6. The method according to claim 1, It is characterized in that The determining of the position error and the posture error corresponding to the first type of data point and the second type of data point in each association relationship includes: Parsing out a first position vector and a first rotation matrix of a first type of data point in each association relationship, and parsing out a second position vector and a second rotation matrix of a second type of data point in each association relationship; The method for determining the position error and attitude error corresponding to each association relationship is as follows: Substituting the first rotation matrix, the first position vector, and the second position vector into a preset position error formula to calculate the position error corresponding to a single second-category data point; and A difference matrix between the first rotation matrix and the second rotation matrix is ​​calculated, and the difference matrix is ​​used as a posture error corresponding to a single second-category data point.

7. The method according to claim 1, It is characterized in that After processing the position error and the posture error corresponding to each association relationship according to the preset statistical rules respectively, the method further includes: Determining a first target score corresponding to the position error according to a correspondence between a preset position error range and a first preset score; and A second target score corresponding to the posture error is determined according to a correspondence between a preset posture error range and a second preset score.
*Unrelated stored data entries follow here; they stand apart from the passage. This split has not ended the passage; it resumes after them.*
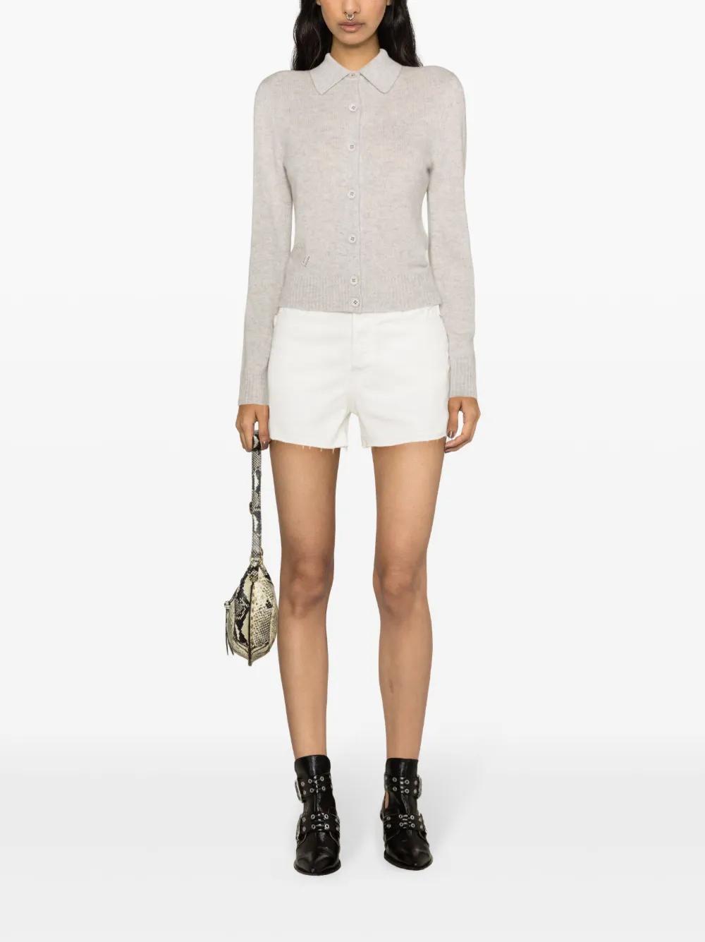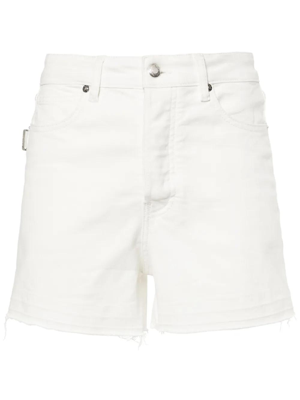 white stretch organic cotton denim high-waisted belt loops front button fastening classic five pockets wide leg frayed hem above-knee length
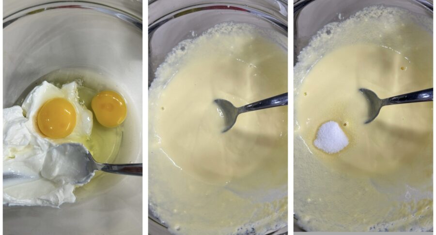 Pendant ce temps, travaillez les oeufs avec la crème aigre ou le yaourt (chez nous, la crème aigre se trouve difficilement), ajoutez le sucre et mélangez ; une fourchette suffira.
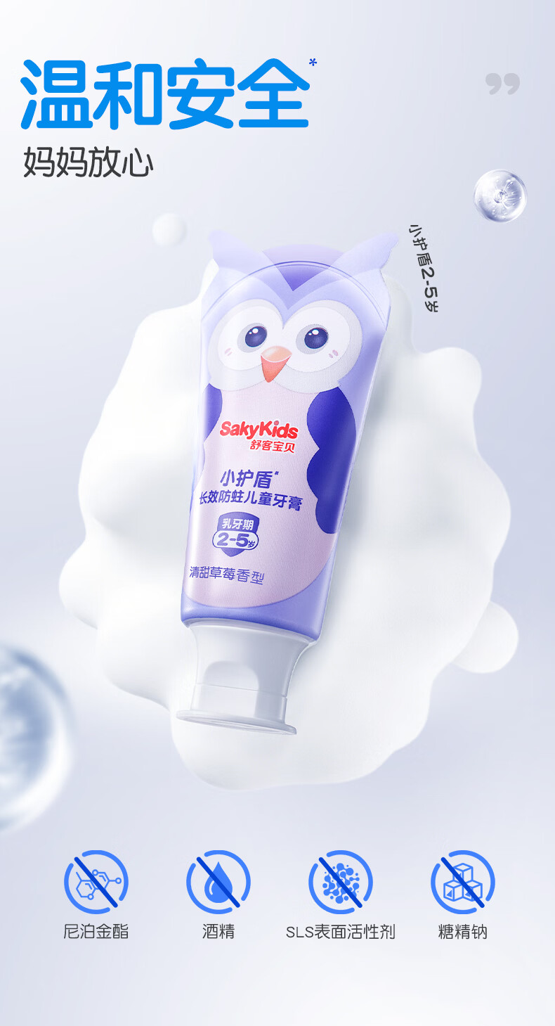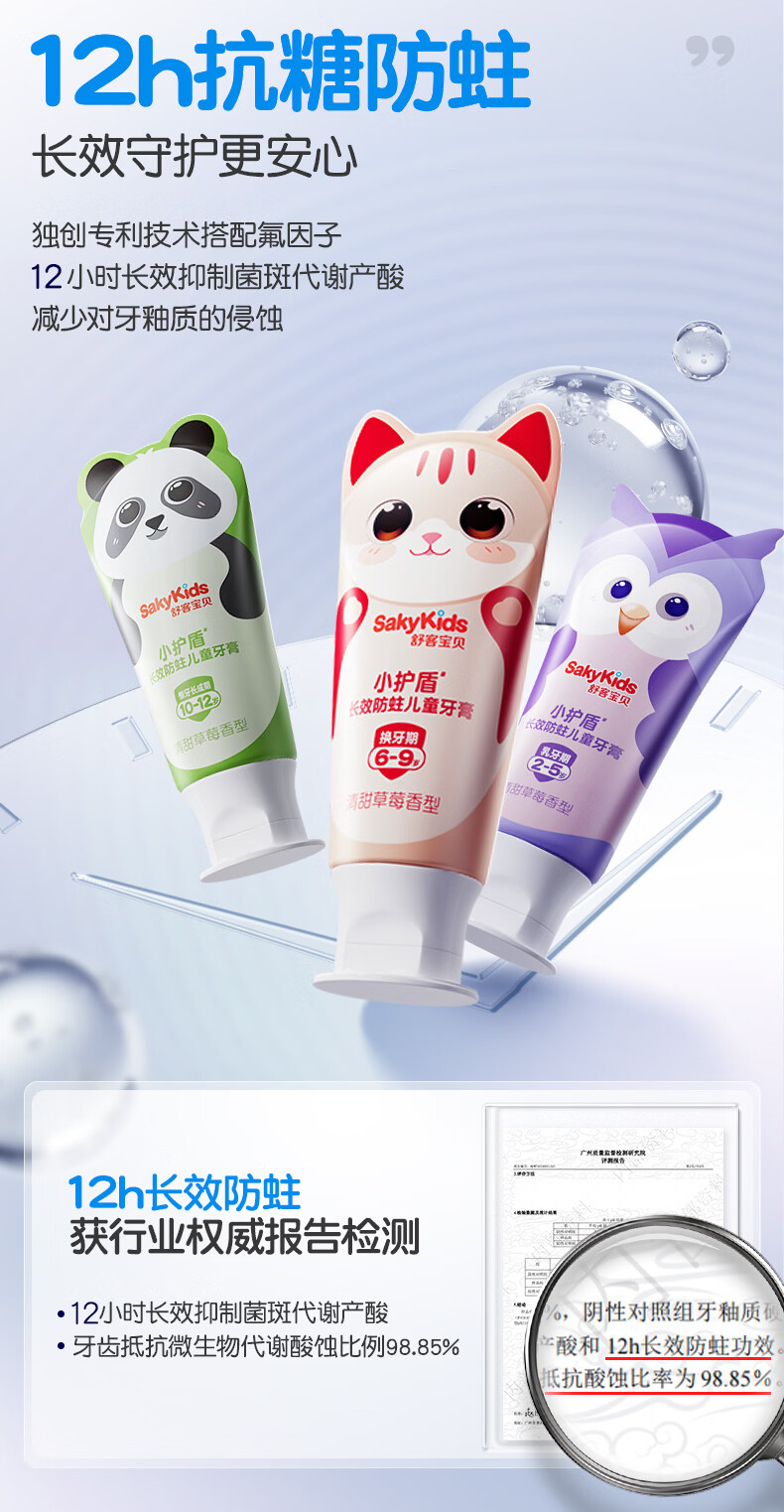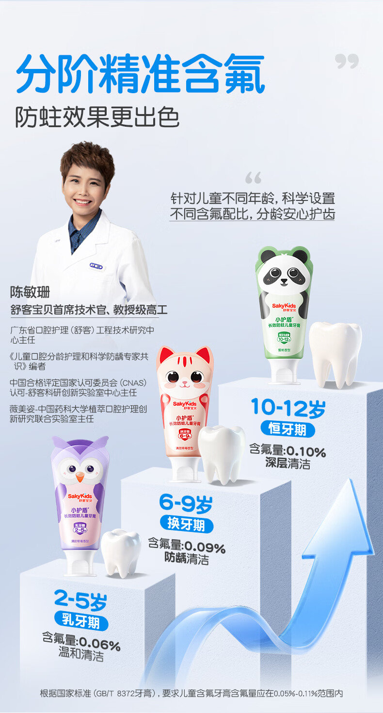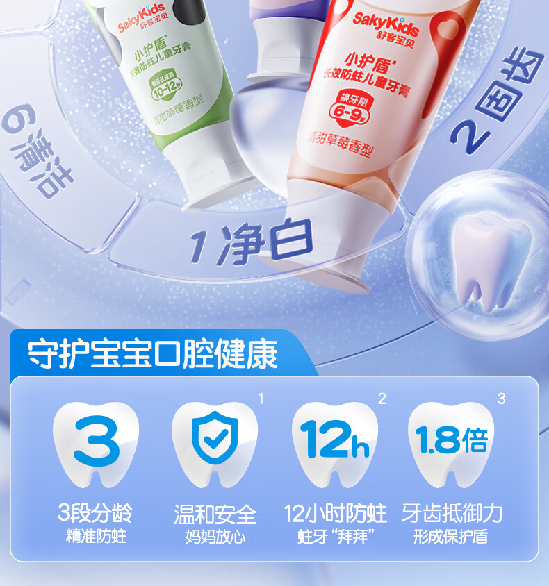 舒客宝贝儿童牙膏小护盾12小时长效防蛀牙克服龋齿3-6-12岁含氟分龄修护 小护盾60g(6-9岁)+哆啦防蛀40g*4+护齿牙刷*2
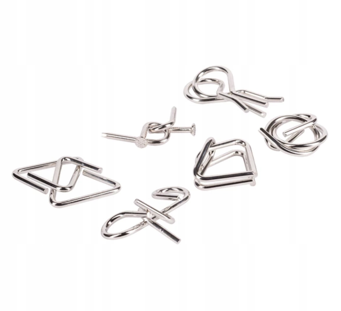 Набір, що складається з 6 пар металевих головоломок у дерев’яній коробці.
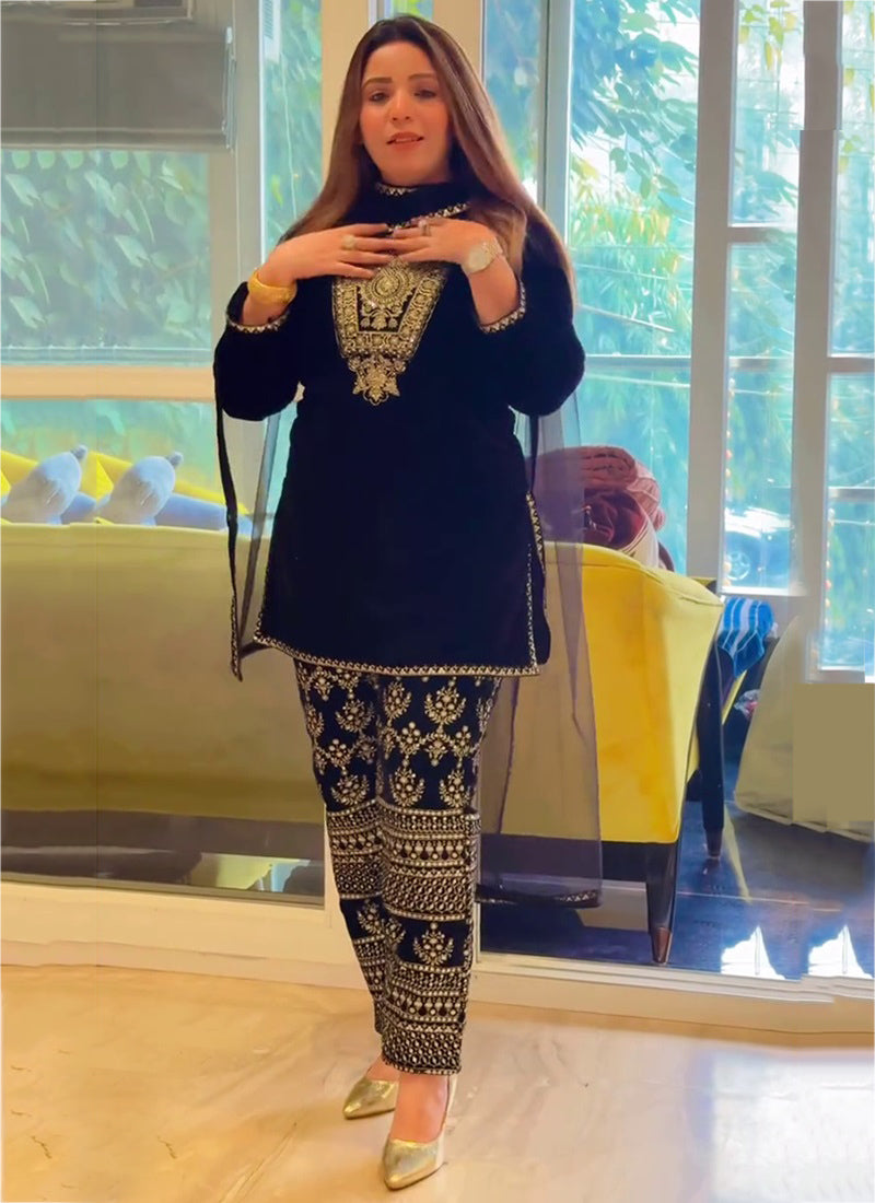 Elegant Velvet Navy Blue Occasional Wear Readymade Salwar Suit featuring detailed embroidery work, ideal for sophisticated events and grand festive gatherings.
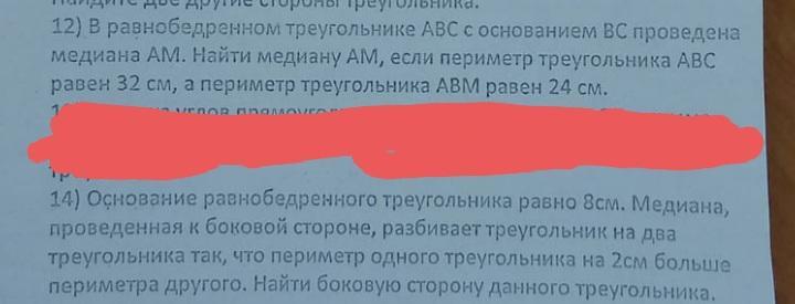 АМ - медиана в равнобедренном треугольнике, проведённая к основанию
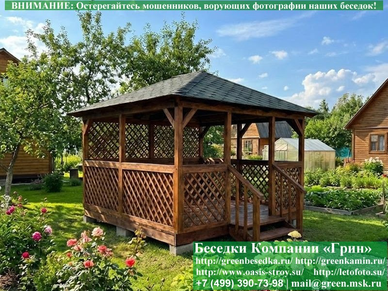 Летняя беседка для дачи 4х4 метра. 1 Сторона закрыта перголой (решеткой). 1 или 2 входа: 245 000 руб.
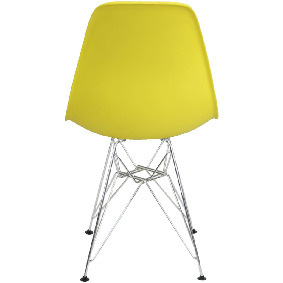 Kit 3 Cadeiras Charles Eames Eiffel Base Metal Cromado Amarela
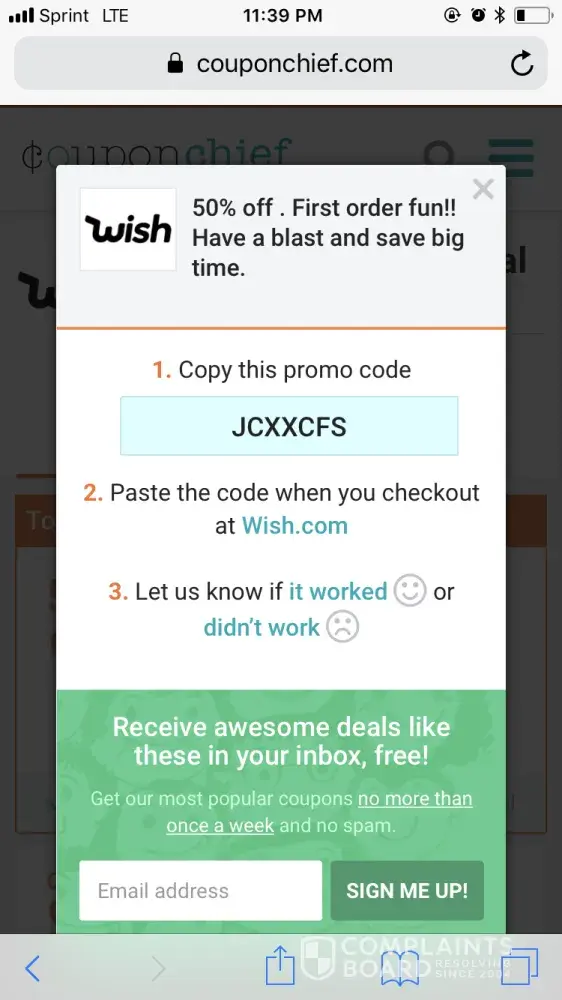Wish company had an promotion on it's application, that I downloaded to my phone, for personal shopping. This contest encouraged you too log on too your account everyday and on the 7th fay you would receive a stamp for 50% off your next purchase. I did this and received my 50% off stamp. However I went online and purchased a marlyin monroe tapestry, and a marlyin monroe headphones set. My card was charged full price. I went back into my application and checked my promotions, and the stamp read 50%Off my next purchase AFTER! I get a friend too join and theu buy something, THEN, my next purchase is 50%off. B.S. I called my credit card and put in a dispute which could take 90 days to resolve. I tried too cancel my order on the website, however it says someone will respond in 72 hours. We know thats just enough time for the card to approve the purchase so they can call and laugh. The contest was a set up too have people make activity on their website too mislead investors.
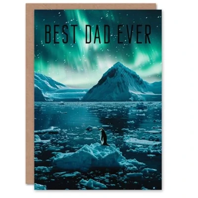Artery8 Father's Day Card Best Ever Penguin Northern Lights For Him Dad Father Greeting
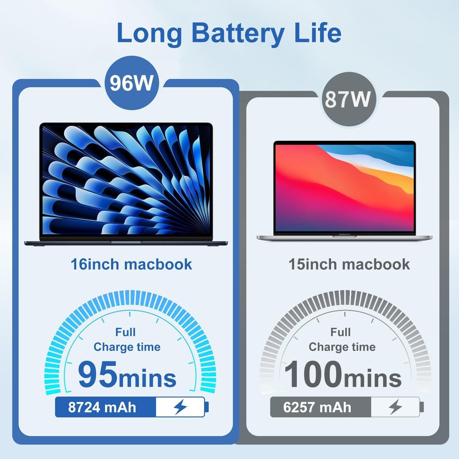 MacBook Pro Charger 96W/70W USB-C to MagSafe 3 Power Adapter
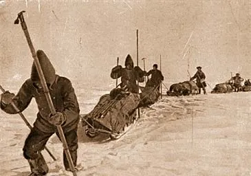 J.P Kochs ekspedition over Indlandsisen 1912-13. (Kilde: Horisonter af Is af Rud Kjems)

8. A data evaluation device, It is characterized in that include: An acquisition module, used for acquiring a first type of data point set and a second type of data point set; an association module, configured to establish an association relationship between the first-category data points and the second-category data points according to a preset alignment rule when the initial recording time of each second-category data point in the second-category data point set is adjusted to the respective corresponding second recording time; An error module, used to determine the position error and attitude error corresponding to the first type of data point and the second type of data point in each association relationship; The evaluation module is used to process the position error and the posture error corresponding to each association relationship according to preset statistical rules to generate corresponding evaluation results.

9. An electronic device, It is characterized in that include: Memory, used to store computer programs; A processor, for implementing the method steps described in any one of claims 1 to 7 when executing the computer program stored in the memory.

10. A computer-readable storage medium, It is characterized in that The computer-readable storage medium stores a computer program, and when the computer program is executed by a processor, the method steps described in any one of claims 1 to 7 are implemented.